Arizona Diamondbacks – No. 60
- Pitcher
- Born: July 3, 2003 (age 23) Newmarket, Ontario, Canada
- Bats: LeftThrows: Left

MLB debut
- June 24, 2026, for the Arizona Diamondbacks

MLB statistics (through August 29, 2026)
- Win–loss record: 1-3
- Earned run average: 4.70
- Strikeouts: 30
- Stats at Baseball Reference

Teams
- Arizona Diamondbacks (2026–present);

= Mitch Bratt =

Canadian baseball player (born 2003)

Mitchell Eric Bratt (born July 3, 2003) is a Canadian professional baseball pitcher for the Arizona Diamondbacks of Major League Baseball (MLB). He debuted in MLB in 2026.

==Career==
===Texas Rangers===
Bratt grew up in Newmarket, Ontario, and attended Newmarket High School. After most Canadian baseball leagues were shut down due to COVID-19, he pitched for Georgia Premier Academy in Statesboro, Georgia while completing his final year of high school online. Bratt played summer collegiate baseball after his senior year for the West Virginia Black Bears of the MLB Draft League and had a 2.57 ERA and 44 strikeouts in 28 innings pitched.

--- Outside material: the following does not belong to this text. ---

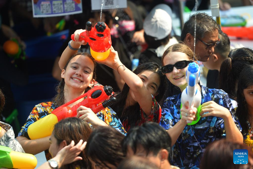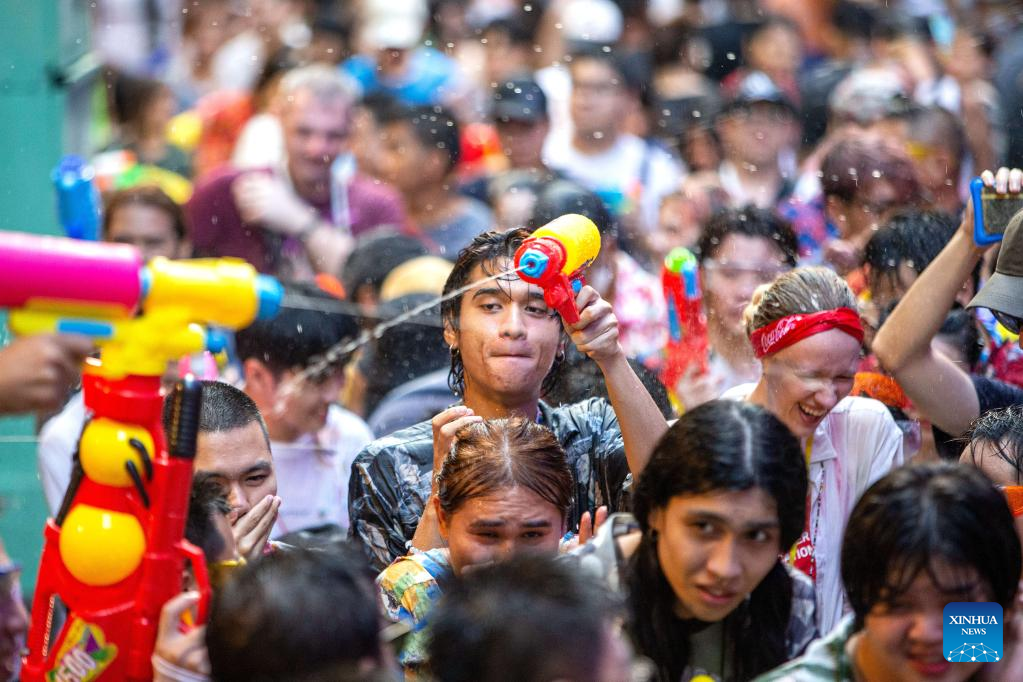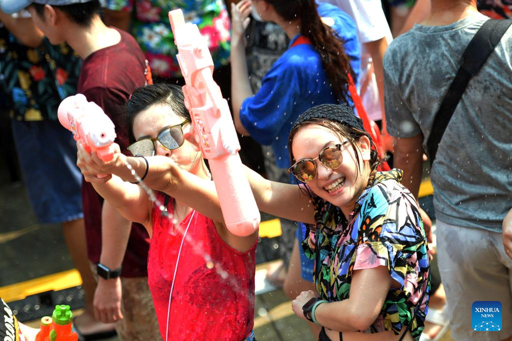 People attend water fight to celebrate the Songkran Festival in Bangkok, Thailand, April 13, 2023. Songkran Festival, the traditional Thai New Year, is celebrated from Thursday to Saturday, during which people express greetings by splashing water on each other. (Xinhua/Wang Teng)

The Texas Rangers selected Bratt in the fifth round of the 2021 Major League Baseball draft. After signing with the team he was assigned to ACL Rangers of the Rookie-level Arizona Complex League, where he did not allow an earned run and struck out 13 batters in six innings pitched. Bratt spent the 2022 season with the Down East Wood Ducks of the Low-A Carolina League, going 5–5 with a 2.45 ERA and 99 strikeouts over 80 2/3 innings. Bratt was the recipient of the 2022 Wayne Norton Award, as the top Canadian MiLB player for that season. Bratt missed two months of the 2023 season due to injury. Bratt spent the 2023 season with the Hickory Crawdads of the High-A South Atlantic League, going 2–3 with a 3.54 ERA and 73 strikeouts over 61 innings. Following the 2023 season, Bratt played for the Surprise Saguaros of the Arizona Fall League. He split the 2024 season between Hickory and the Frisco RoughRiders of the Double-A Texas League, going a combined 8–6 with a 3.75 ERA and 117 strikeouts over 110 1/3 innings. Bratt opened the 2025 season back with Frisco, going 6–3 with a 3.18 ERA and 106 strikeouts over 90 2/3 innings.

===Arizona Diamondbacks===
On July 31, 2025, the Rangers traded Bratt, Kohl Drake, and David Hagaman to the Arizona Diamondbacks in exchange for Merrill Kelly. He made six starts down the stretch for the Double-A Amarillo Sod Poodles, posting a 1-1 record and 3.98 ERA with 42 strikeouts across 31 2/3 innings pitched. On November 18, the Diamondbacks added Bratt to their 40-man roster to protect him from the Rule 5 draft. The Diamondbacks optioned Bratt to Triple-A Reno Aces to begin the 2026 season.

The Diamondbacks promoted Bratt to the major leagues for the first time on June 24, 2026. He made his debut the same day against the St. Louis Cardinals, pitching three innings and striking out three batters.

==International career==
On March 13, 2023, at just 19 years old, Bratt started game two for Canada in the 2023 World Baseball Classic. He gave up six runs and recorded just one out.